Ante esta concepción del sexo y de la reproducción, ineluctable y, a lo mejor por eso, sagrada, no puedo dejar de contemplar el aborto como un atentado contra la vida, una afrenta al hecho de la existencia, un cuestionamiento de todo aquello por lo que, todos los que estamos, estamos aquí. El problema, por tanto, no radicaría en el hecho cuantitativo de que una mujer abortase –ya lo sería de por sí: para ella y, evidentemente, para el ser asesinado– sino en los condicionantes que la han llevado a abortar e incluso a tener relaciones sexuales sin saber qué estaba poniendo en funcionamiento al hacer uso de ellas, es decir, al ejercer su irresponsabilidad. Por ello mismo, el Estado y el pueblo no pueden consentir que una ineptitud adolescente o una ridícula pasión juvenil perviertan sus bases históricas y de proyección hacia el futuro. El aborto es poner fin a un embarazo. Legalizar el aborto es, por tanto, un modo muy sibilino de ilegalizar la concepción, de considerarla casi una violencia contra el cuerpo, aquello que ocurre por una desgracia (no pusimos los medios, íbamos muy calientes, se rompió el preservativo…) en vez de apreciarlo en cuanto consecuencia lógica de la cópula. Que se pueda abortar impunemente (ya nadie se cree el cuento de los tres supuestos) es abrir el camino a la insensibilidad y a la insensibilización. Y a las pruebas me remito. Se critica la existencia de ciertos videojuegos (cosa necesaria, dicho sea de paso) y, sin embargo, se permite y defiende el exterminio sistemático de decenas de miles de seres humanos porque no han llegado en buen momento…

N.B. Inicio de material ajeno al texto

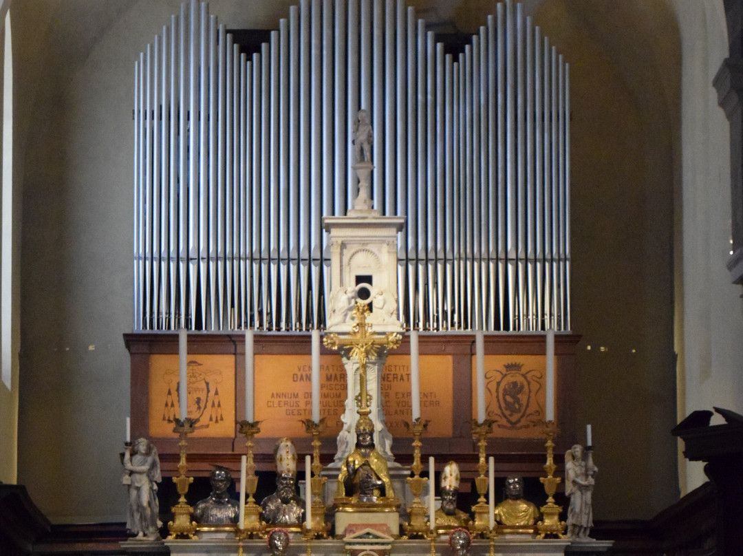 教堂呈经典的拉丁十字形,拥有三个中殿,由圆柱和柱头隔开;侧殿内设有众多小堂,收藏着十六世纪画家的作品。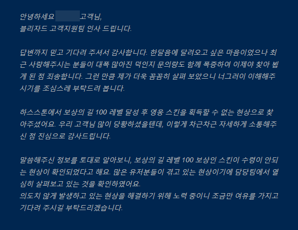 뭐... 하스스톤 유저로서 대부분은 버그라는 것도 알고, 게임사 측에서 해당 문제를 인지하고 있고 곧 해결될 거라고 하니까 그 부분도 기다리면 되니 괜찮지만, 11월 8일에 공식적으로 발표한 내용을 11월 12일이 됐는데도 같은 회사의 고객지원팀에서 모르는 건 대체 뭐죠? 그것도 한참 이슈가 되는 내용인데 말이죠.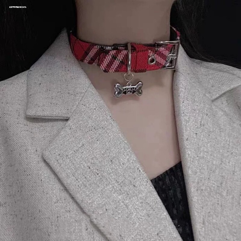 📚 Y2K千禧甜酷辣妹项圈粉色小狗骨头项链女小众亚文化choker颈链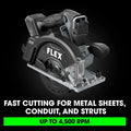 Power through a variety of metal including sheets, conduit, and struts with up to 4,500 RPM using the FLEX 24V 5-7/8” Metal Cutting Circular Saw. This cordless metal cutting circular saw features a high-efficiency chip collection system that captures metal shards with an easily removable disposal box for maximum productivity. The metal cutting saw has a clear viewing window to maintain visibility to your cut line while blocking flying chips as you cut. The metal cutting saw includes a 5-7/8” 36-tooth ceramic carbide metal cutting circular saw blade built with an ACFR tooth design and thin kerf for demanding metal cutting applications. A removable auxiliary handle adds stability for two-handed operation while punched steel shoe ensures added durability with its 2-1/4-inch cut capacity. A rafter hook allows easy storage between cuts. This battery-powered metal cutting circular saw delivers the FLEX Advantage of unmatched battery power, runtime, and fast charging (batteries and chargers sold separately). It’s all protected by the FLEX Limited Lifetime Warranty when registered within 30 days of purchase at registermyFLEX.com through December 31, 2025.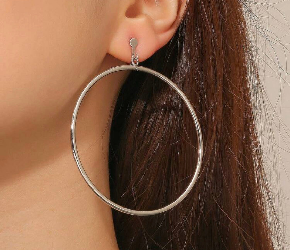 Clip on 3" large silver dangle hoop earrings with small clasp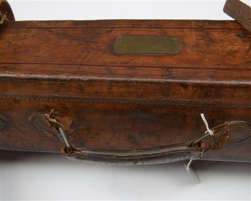 A TWO TIER LEATHER SINGLE GUNCASE,
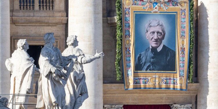 El lienzo de San John Henry Newman en la fachada de la Basílica de San Pedro, el 1 de noviembre, cuando el Papa León XIV lo declaró Doctor de la Iglesia. / Crédito: Daniel Ibáñez / EWTN News.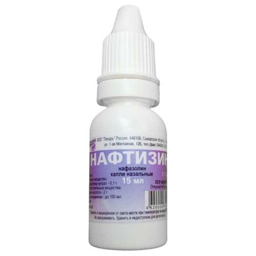 Нафазолина нитрат (Нафтизин) - 0,05 или 0,1 г Вспомогательные вещества: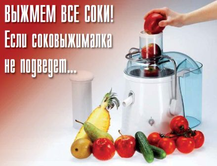 По большому счету, испытания соковыжималок нужно было бы проводить на отжим сока и из твердых плодов (моркови, яблок), и из мягких – винограда, томатов.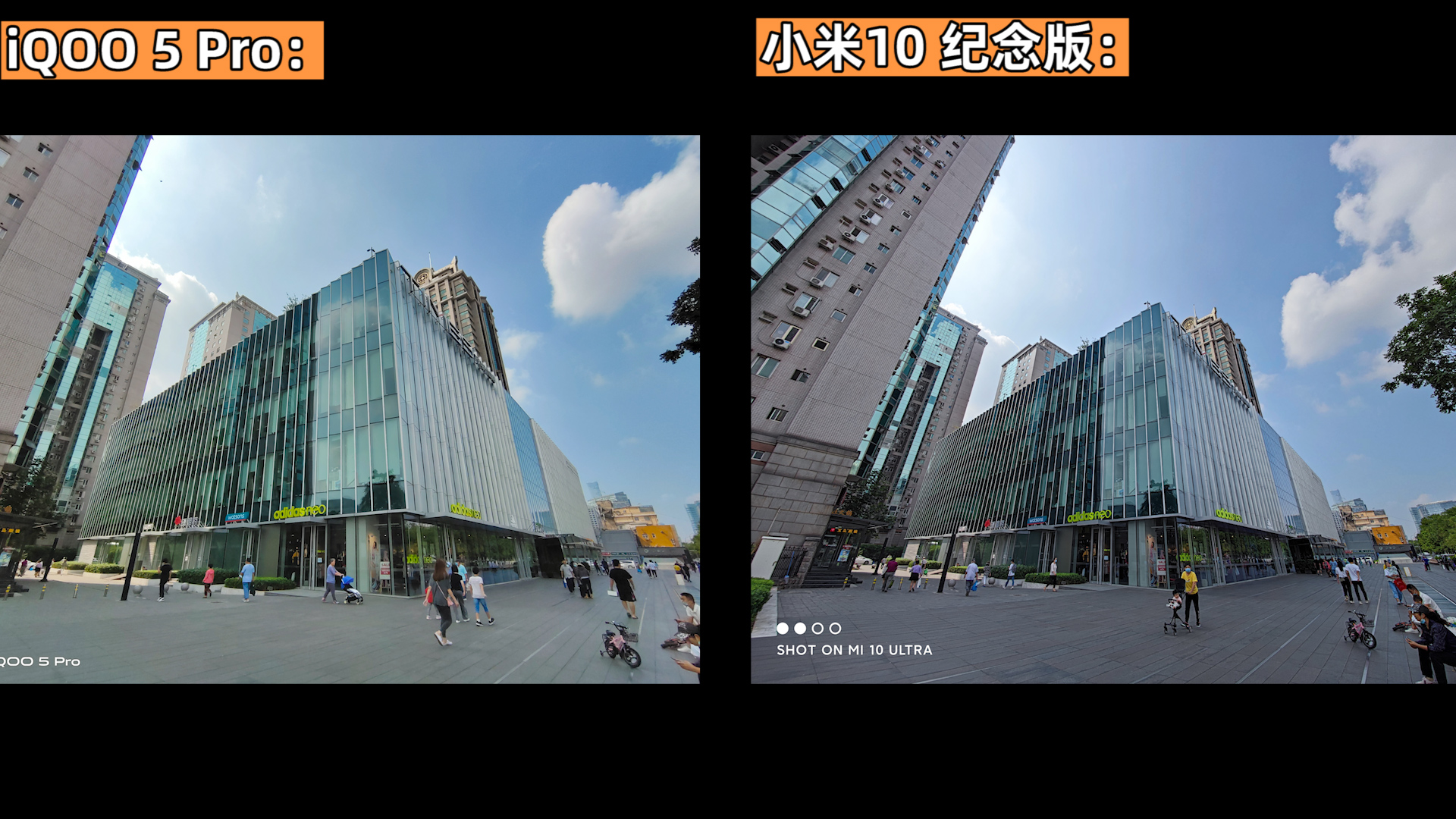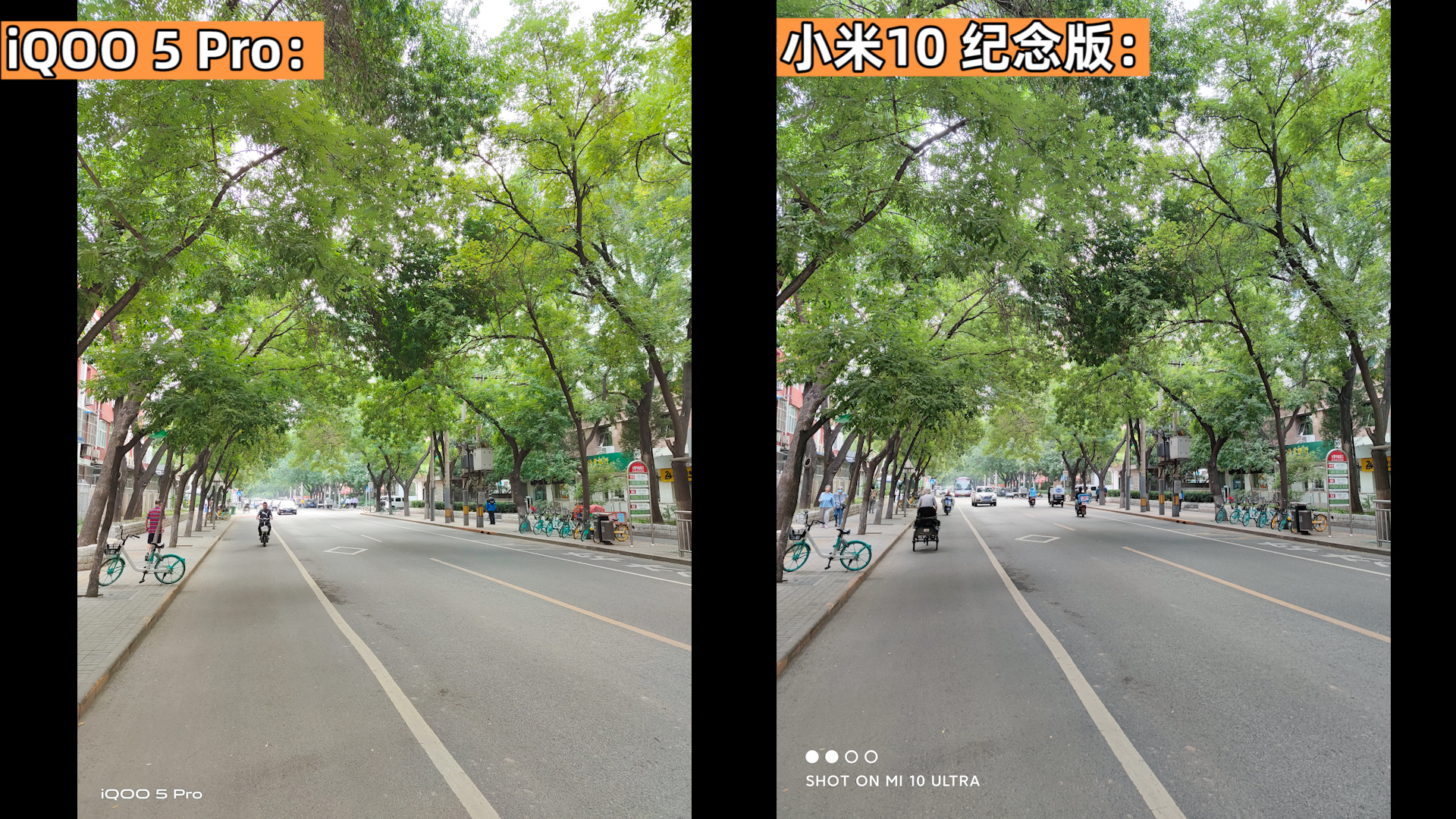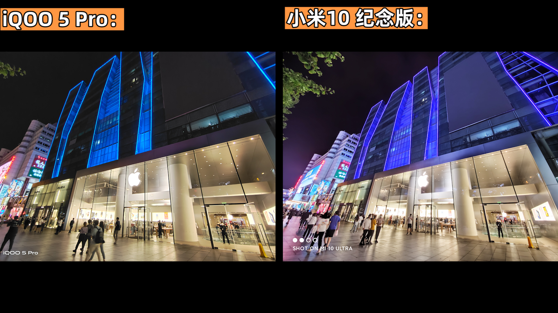 小米10纪念版的广角更广,整体色调也更蓝,而在夜景表现上,iQOO 5 Pro更倾向于明暗对比,小米10纪念版则偏向于整体画面的提亮。

Alguien debería enseñarles a los jóvenes que el sexo ni es una diversión ni la emulación de los personajes de una película, sino la puesta en juego de la energía más poderosa del universo, la que nos ha hecho estar aquí. Quien “juegue” debe saber a qué, pero también cómo y qué implica jugar. Ahora bien, no debe tener, encima, la desfachatez de cargar a su pueblo con las “opciones” que, como adultos o aprendices de adultos, hayan tomado. Esas “cargas” son el envejecimiento de la población, la desaparición de las generaciones del mañana, y la falta de deferencia hacia la cultura en la que se inscriben padres e hijos…
En última instancia, lo peor no es la existencia del aborto, sino el hecho de que se considera una solución más, una elección sin trascendencia, aceptada por la sociedad y pagada por el Estado. ¿Y en base a qué? Al puro egoísmo, a la incapacidad, a la incultura. Necesitamos hombres y mujeres más sabios, y a la vez más conscientes de cuál es su verdadero cometido. Sabiendo qué les corresponde hacer, y no hacer, en una Europa que tanto habrá de luchar por su supervivencia... como para ir matando a quien podría haber pronunciado nuestros nombres, o los nombres de nuestros antiguos, en la herencia milenaria de su sangre.